The loads and deformations experienced by the ACC structure throughout the test are divided into the following stages: In the first stage, the internal anchor cables are tensioned under prestressing, and the axial force of these cables gradually increases until it reaches the expected load; In the second stage, as shear displacement increases incrementally, the C-shaped tube progressively constricts, and the ACC initiates the formation of a plastic hinge structure on both sides of the structural surface, anchor cable axial force initially tends to decrease. In the third stage, the shear strength at the plastic hinge of the ACC structure diminishes progressively until it is nullified, and the axial load on the anchor cable commences its increase, however, it does not achieve the ultimate tensile capacity; In the fourth stage, the ACC structure starts to damage, the C-shaped tube breaks and the internal anchors start to fail one after the other until the axial load is reduced to zero. The deformation behaviors observed during the ACC structural shear tests under prestress levels of 100 kN and 300 kN are analogous.

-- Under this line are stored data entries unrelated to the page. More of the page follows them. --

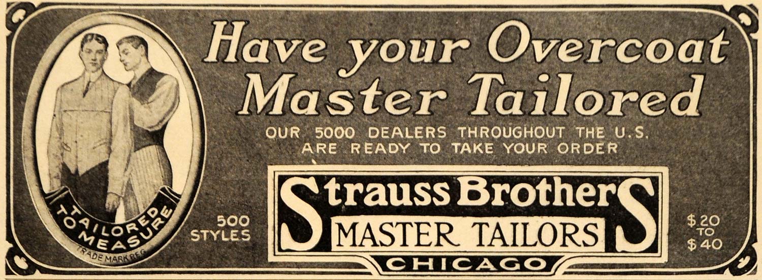 This is an original 1911 black and white print ad for Strauss Brothers Master Tailors of Chicago.
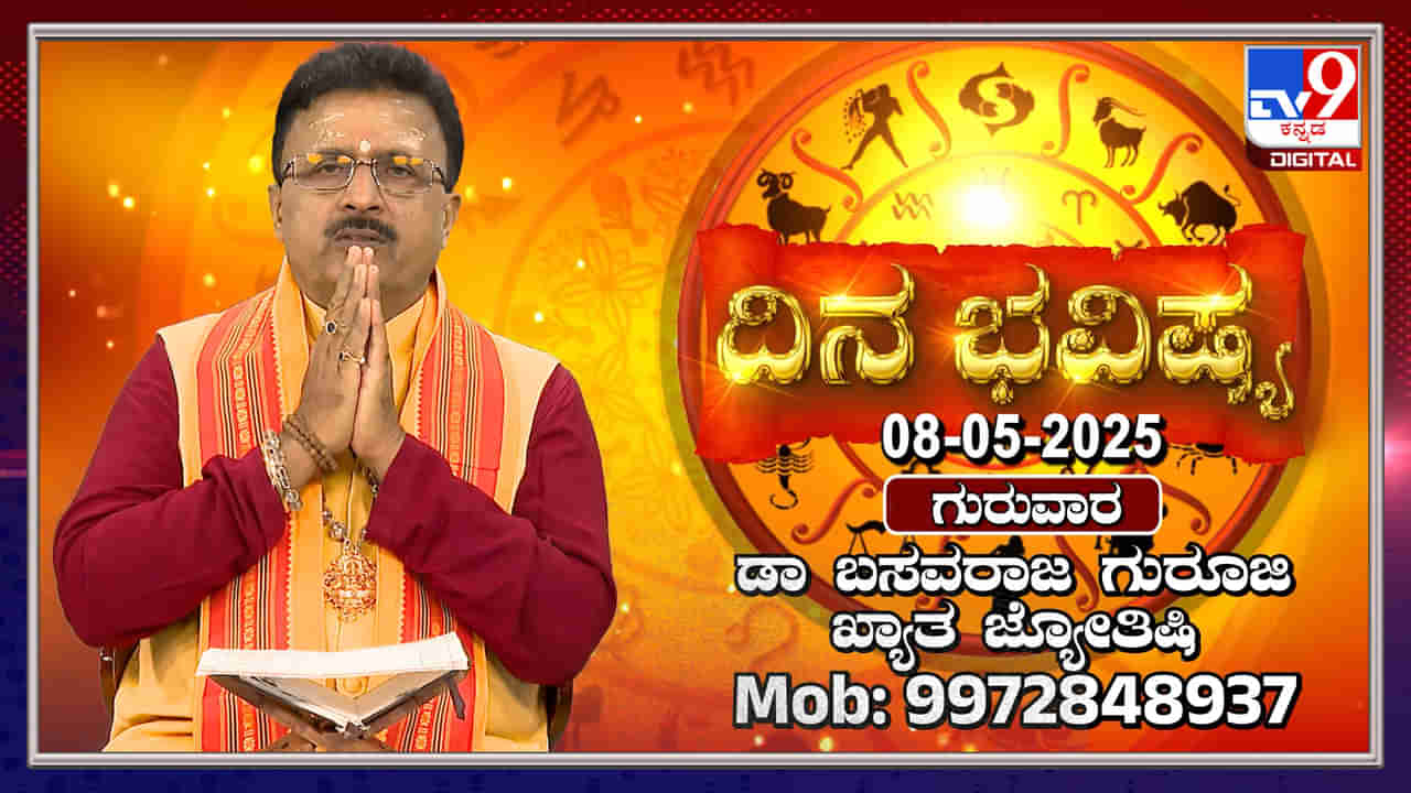ಮೇ 8, 2025 ರ ದಿನದ ದ್ವಾದಶ ರಾಶಿಗಳ ಫಲಾಫಲವನ್ನು ಖ್ಯಾತ ಜ್ಯೋತಿಷಿ ಡಾ. ಬಸವರಾಜ ಗುರೂಜಿ ಅವರು ತಿಳಿಸಿದ್ದಾರೆ. ಪ್ರತಿಯೊಂದು ರಾಶಿಗೂ ಗ್ರಹಗಳ ಶುಭ-ಅಶುಭಗಳ ಬಗ್ಗೆ ವಿವರಿಸಲಾಗಿದೆ. ರಾಶಿಚಕ್ರದ ಪ್ರಭಾವ, ಆರ್ಥಿಕ ಸ್ಥಿತಿ, ಆರೋಗ್ಯ, ವೃತ್ತಿ, ಮತ್ತು ಪ್ರಯಾಣದ ಬಗ್ಗೆ ಮಾಹಿತಿಯನ್ನು ಒಳಗೊಂಡಿದೆ. ಪ್ರತಿ ರಾಶಿಗೂ ಅದೃಷ್ಟ ಸಂಖ್ಯೆ ಮತ್ತು ಮಂತ್ರವನ್ನು ಸೂಚಿಸಲಾಗಿದೆ.
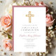 Invitation Croix rose moderne Fille religieuse Première commu
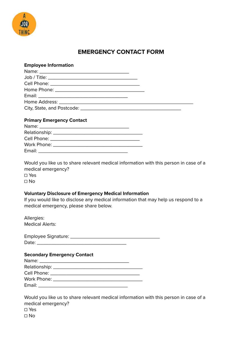 Even employees who work from home should complete the form, as emergencies can still happen during working hours.
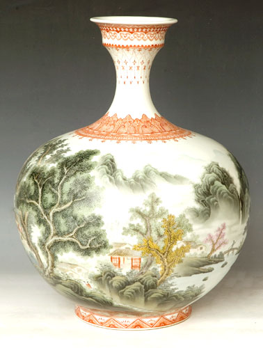 陈传勇 祖籍浙江,1968年生于瓷都景德镇,1988年毕业于南昌有色金属工业学校。因自小对陶瓷绘画情有独钟,故自费进景德镇陶瓷学院进修,努力提高自己的艺术修养,加强理论深造,擅长工笔人物、花鸟、山水,构图奇巧,用笔传神,人物、花鸟维妙维肖。同时对民间手指画也有较深的研究。1999年独立创办大型瓷坊“鸿升画院”任院长兼艺术总监。大批作品深得陶瓷爱好者喜爱和收藏家青睐,远销马来西亚、印尼、泰国、新加坡、法国、香港等几十个国家和地区。
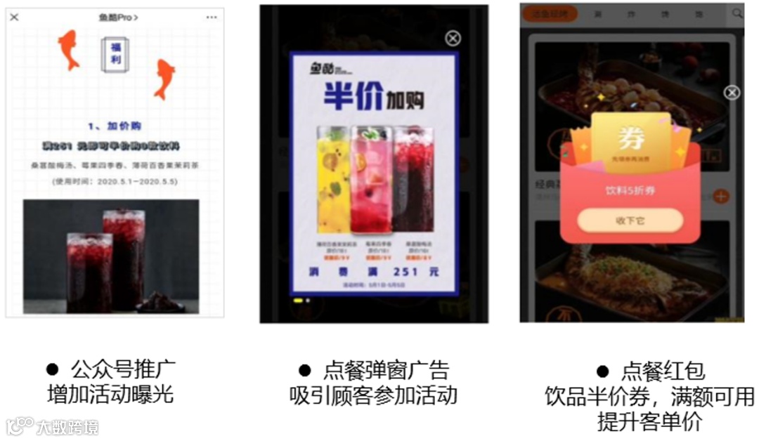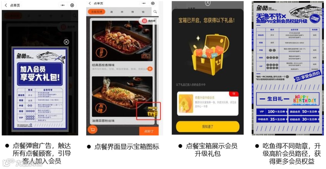 餐饮品牌“鱼酷Pro”通过在点餐小程序上设置“吃鱼得勋章,累积勋章会员升级路径、开启宝箱得礼包“等营销活动,不仅打造了更有品牌记忆点的营销花样玩法,提升了顾客体验,更为餐厅提高了门店会员转化率,沉淀了更多的私域流量。
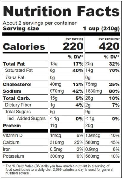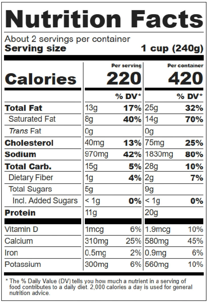 WATER, MILK (MILK, VITAMIN D3 ADDED), PASTEURIZED PROCESS AMERICAN CHEESE SPREAD (CHEESE [MILK, CULTURE, SALT, ENZYMES], WATER, WHEY, SODIUM PHOSPHATES, WHEY PROTEIN CONCENTRATE, SKIM MILK, MILK FAT, SALT, ANNATTO [COLOR]), BROCCOLI, MODIFIED CORN STARCH, CARROTS, AGED CHEDDAR CHEESE (CULTURED PASTEURIZED MILK, SALT, ENZYMES, ANNATTO [COLOR], ANTICAKE [POTATO STARCH, POWDERED CELLULOSE]), CONTAINS LESS THAN 2% OF CHEDDAR CHEESE BASE (CHEESE [MILK, CULTURE, SALT, ENZYMES], WATER, SODIUM PHOSPHATE, ENZYMES], SALT, YEAST EXTRACT, CORN OIL, CREAM, BUTTER [CREAM, NATURAL FLAVORING], WHEY, SUGAR, MUSTARD SEED, NATURAL FLAVOR), SALT, SODIUM CITRATE, SPICES, NISIN PREPARATION (NISIN [PRESERVATIVE], SALT, ROSEMARY EXTRACT).

Deformation and failure analysis of concrete blocks

The degree of yielding damage experienced by the rock mass during shearing varies with each of the three distinct preload forces. Concrete was used to simulate rock to represent the perimeter rock damage process in the ACC structure accurately during the double shear test. Furthermore, the concrete, plastic damage model is applied within the numerical simulation to depict the plastic deformation damage of the concrete block. Figure 14 depicts the yield zone of the concrete block at the interface of the structural face and the ACC structure when subjected to the three preload forces. The legend on the left side of Fig. 14 represents the distribution of equivalent plastic strain regions in the concrete block.

Figure 14

Distribution of plastic zone of the concrete block under three preload forces.

The extent of damage to the rock mass correlates with the material strength of the rock, among other factors. For the purposes of this numerical simulation, the concrete material’s yield strength has been configured at 47 MPa. Therefore, from Fig. 13, it can be found that the distribution of the yield region of numerically simulated concrete blocks is roughly similar for the three preload conditions. The degree of yielding decreases with increasing preload force. The yield degree gradually decreases as the preload increases. This phenomenon can be understood by recognizing that, as the preload increases, the ACC structure requires less shear energy to fracture, resulting in reduced shear displacement. Consequently, the concrete block in the entire shear test process exhibits a gradually reduced degree of yield and amount of deformation within the plastic-yielding region.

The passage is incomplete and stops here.